What Is This “Discovery” Thing All About?

Simon Offord

by Simon Offord on August 23, 2010

in Court & Appearances

If you become involved in a lawsuit in California, there is a good chance that you will be exposed to the “Discovery’ process. So what does that mean? To put it simply, discovery is the process by which parties to a lawsuit obtain information regarding the facts of the suit from the other side.

For instance, imagine that during the sale of a home in Palo Alto, a real estate agent is sued for failing to disclose that there was a death in the home within the last year. In attempting to determine liability and potential damages, the buyer must find out certain information, such as the agent’s knowledge of the death.

California law allows for both oral and written discovery. Most people have heard of oral discovery, or depositions. However, there are also three forms of written discovery that are generally a cheaper way to discover information and are typically done prior to any depositions.

These forms of discovery are Interrogatories, Requests for Admissions, and Requests for Production of Documents.

Interrogatories come in two forms, Form and Special.

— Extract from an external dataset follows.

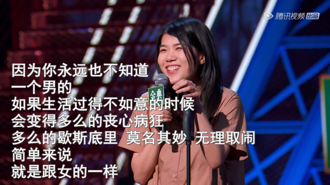 注意,上一句“跟男的一样”,是我为男同胞们做出的犀利反击——因为杨笠在《脱口秀反跨年》里有句被消音的话:“男的,垃圾。”
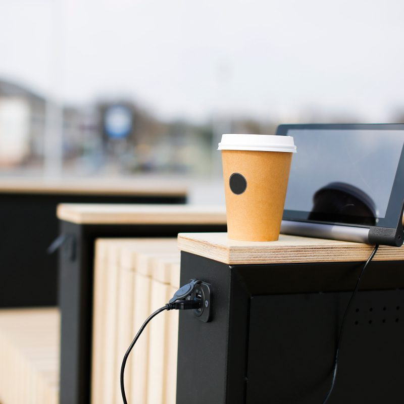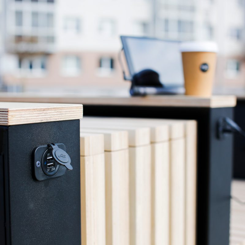Lietuvoje gaminamas lauko suoliukas su paslaugų stotele pasižymi tvarumu ir daugiafunciškumu. Elektroninį stotelės kompleksą sudaro mobiliųjų įrenginių įkrovimo įranga, LED apšvietimas, sensoriniai jutikliai, LCD ekranas metrologinei informacijai ar reklamai transliuoti, galimos papildomos garso, vaizdo stebėjimo, Wi-Fi funkcijos. Elektros energijos gavybą užtikrina įmontuotas saulės modulis. Suoliuko komplektacijoje taip pat yra reikalingiausių įrankių rinkinys dviračių remontui, skirtingų antgalių oro kompresorius ir orapūtė. Įrenginys pritaikytas regos bei judėjimo negalią turintiems žmonėms. Suoliukas su paslaugų stotele yra draugiškas aplinkai ir bendruomenei, puikiai tinka viešosioms erdvėms: aikštėse, parkuose, poilsio zonose, ugdymo įstaigų ir biurų prieigose.

Form Interrogatories are a pre-printed form created by the California Judicial Council. The party requesting responses simply checks the boxes for those requests they seek responses to. The requests ask for standard background information, such as the party’s name and their education and job history, and also contain specific questions relating to breach of contract and personal injury causes of action, among others.

Special Interrogatories are custom questions prepared by the asking party. Special Interrogatories may be asked on any issue relevant to the lawsuit, and are limited to 35 requests absent a declaration showing reasons why additional requests are necessary.

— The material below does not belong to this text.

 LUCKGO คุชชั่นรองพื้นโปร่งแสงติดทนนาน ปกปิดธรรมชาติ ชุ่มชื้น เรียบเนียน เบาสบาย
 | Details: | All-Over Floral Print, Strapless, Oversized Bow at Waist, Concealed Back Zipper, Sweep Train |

Requests for Admissions require the responding party to either admit or deny certain facts. In the above hypothetical, a Request for Admission might ask: Admit that you (the real estate agent) knew that there was a death in the home within the last three years. The responding party must either admit or deny that statement to the best of his/her ability.

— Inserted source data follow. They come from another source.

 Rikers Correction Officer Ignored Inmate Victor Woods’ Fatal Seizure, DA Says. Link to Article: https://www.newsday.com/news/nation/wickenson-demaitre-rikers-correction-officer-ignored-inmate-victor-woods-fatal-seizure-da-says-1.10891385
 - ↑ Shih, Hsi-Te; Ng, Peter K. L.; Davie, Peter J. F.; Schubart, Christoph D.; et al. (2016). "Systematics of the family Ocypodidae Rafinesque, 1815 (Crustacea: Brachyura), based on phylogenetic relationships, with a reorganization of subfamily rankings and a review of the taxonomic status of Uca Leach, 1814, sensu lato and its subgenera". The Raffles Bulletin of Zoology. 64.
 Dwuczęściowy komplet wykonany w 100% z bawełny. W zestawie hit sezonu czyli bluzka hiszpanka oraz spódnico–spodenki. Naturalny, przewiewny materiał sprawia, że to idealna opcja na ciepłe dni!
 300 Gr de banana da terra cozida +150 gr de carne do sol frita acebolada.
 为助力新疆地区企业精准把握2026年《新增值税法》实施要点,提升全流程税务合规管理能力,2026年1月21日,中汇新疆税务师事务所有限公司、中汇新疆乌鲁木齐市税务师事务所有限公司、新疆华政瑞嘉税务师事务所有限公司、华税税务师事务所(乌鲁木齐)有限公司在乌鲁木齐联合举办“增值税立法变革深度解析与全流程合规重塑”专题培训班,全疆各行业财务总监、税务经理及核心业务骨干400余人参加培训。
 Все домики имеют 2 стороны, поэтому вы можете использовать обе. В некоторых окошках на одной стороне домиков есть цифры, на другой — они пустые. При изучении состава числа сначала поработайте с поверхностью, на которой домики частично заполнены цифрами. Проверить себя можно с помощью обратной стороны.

Finally, parties can request documents from one another. The documents must be relevant, not privileged, and cannot invade certain privacy rights. Again, using the above hypothetical, the buyer could ask the agent for any communications (emails, letters etc.) between he and the seller.

These forms of discovery can all be very effective ways of obtaining information to evaluate your case. Hopefully, you will never be exposed to the discovery process, but in the event you are, you now have a brief primer on what to expect.

How you respond to discovery requests is critical in any litigation, and one wrong response could prove critical to your case. For this reason, it is important to consult an attorney before providing discovery responses.